Since its birth in 2016, Yposkesi‘s promise has always been to support the pharmaceutical industries in their goal of bringing treatments to patients, often suffering from rare diseases for which no or few answers were available. This ambition is in line with the commitment of the AFM-Telethon, the company’s parent organization, a charitable association founded in 1958 in France by and for patients and families of patients with rare diseases. Bpifrance’s Sociétés de projets industriels (SPI) fund also contributed to the investment required to launch the biopharmaceutical subcontractor.
Yposkesi is the French leader in its sector, developing viral vectors clinical batches for biotechs and pharmaceutical companies, which will be used for human trials. The company is located in Corbeil-Essonnes, near Paris, in the heart of Genopole, a leading French biocluster for biotechnology and research in genomics and genetics.
It currently employs 200 people and will generate sales of €18.2 million in 2020. A second bioproduction plant, currently under construction, will be operational by the end of 2023. Eventually, nearly 300 experts will work on the 10,000m2 site. Yposkesi has been since 2021 70% owned by the South Korean group SK Inc.
“The gene and cell therapies that our clients develop are essential, often targeting diseases for which no treatment is currently available. Yposkesi helps develop these treatments so that patients have access to these innovative therapies. We play a small but critical role in this process,” Patrick Lansky, Vice President of Sales and Marketing in the United States.
Although totally independent from Genethon, Yposkesi continues to collaborate with the laboratory on several innovation programs and manufactures certain products for it.

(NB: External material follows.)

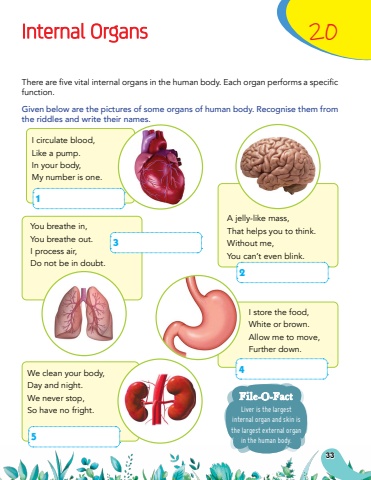 Internal Organs20Liver is the largest internal organ and skin is the largest external organ in the human body.File-O-FactThere are five vital internal organs in the human body. Each organ performs a specific function.Given below are the pictures of some organs of human body. Recognise them from the riddles and write their names.I circulate blood,Like a pump.In your body,My number is one.We clean your body,Day and night.We never stop,So have no fright.A jelly-like mass,That helps you to think.Without me,You can%u2019t even blink.You breathe in,You breathe out.I process air,Do not be in doubt.I store the food,White or brown.Allow me to move,Further down. 2 3 5 4 133

The first therapeutic batches developed at Yposkesi are still in the development phase. “Progress and advancement are solid,” says Patrick Lansky. They target diseases of the muscle, blood and immune system, notably in oncology, ophthalmology, amyotrophic lateral sclerosis (ALS), Duchenne muscular dystrophy (DMD), but also for liver and heart diseases, mostly in orphan indications for which no treatment is currently available. The regulatory authorities can therefore grant an accelerated market procedure. In this context of expansion, participation in the American trade show is strategic. “BIO is a premier event that allows us to meet with existing and potentially new customers, as well as improve our brand awareness and name recognition within the industry”, concludes Patrick Lansky.